Do your best; tag your best. There are many universities which have multiple sites all affiliating with a single university. Make this clear in your tagging, whether you use name=* or official_name=* as the name of the university. There are many ways to do this, and if the data are factually correct, the “OSM way” is to leave this up to “downstream parsers” (whether renderers, routers…) that coalesce these things together in a methodology that is either pleasing or correct to your eyes and tastes. We might express “one object with amenity=university per university” as a desire, but the tagging around the world doesn’t follow this guideline (and it is only that) to such an extent that it cannot be relied upon.
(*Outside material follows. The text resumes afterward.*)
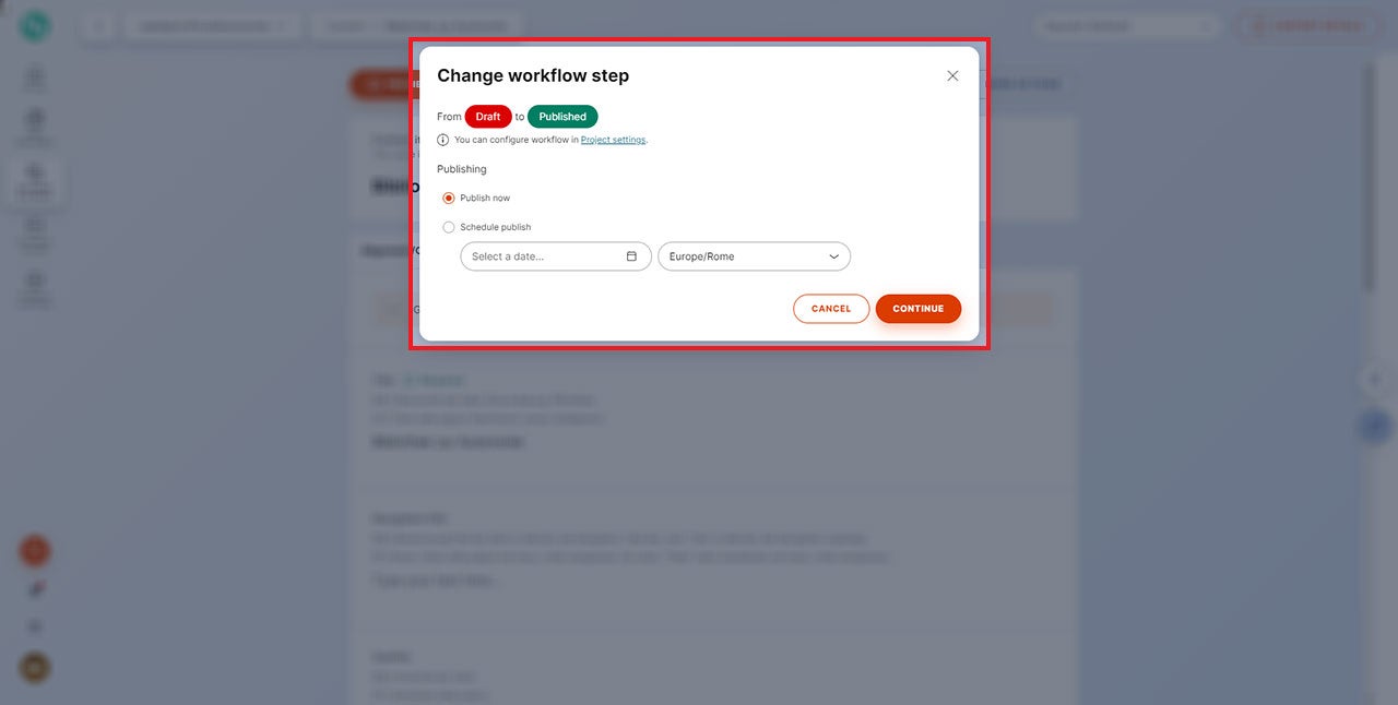 Ermöglicht die Status-Änderung des Inhaltes, z.B. kann vom „Draft“-Status zur Veröffentlichung des Inhaltes übergehen, oder vom archivierten Status zum „Draft“-Status zurückkehren, etc.

So, good question! But “if they are separate locations geographically, but the same university,” map them accordingly: with a similar or identical name, but on different polygons that are geographically diverse. Or, get fancy (and still correct, by being painstakingly specified) with a multipolygon or site relation. OSM affords wide varieties of specifying complex objects.

“A university with two campuses” can mean two different things.

On one extreme, when a single university has two campuses, one in the US, and one in China, with completely different courses, teaching staff and students, then I don’t think anyone is saying we need to have a single amenity=university multipolygon that spans half the globe.

On the other extreme, a university in a walkable European city centre can have two campuses that are only a 20 mins walk apart, and students are frequently expected to walk between campuses for different classes. It is this sort of scenario where people are saying there should be a single amenity=university multipolygon (example). But even in this kind of scenario, having multiple amenity=university objects is fairly common I think.

Whether a Wiki page says that one university must always be a single amenity=university object or whether it allows some nuance probably depends on whether it was written by an American who was thinking more of the first case or by a German who was thinking more of the second :slight_smile:

So I think you need to think about which extreme your university is closer to.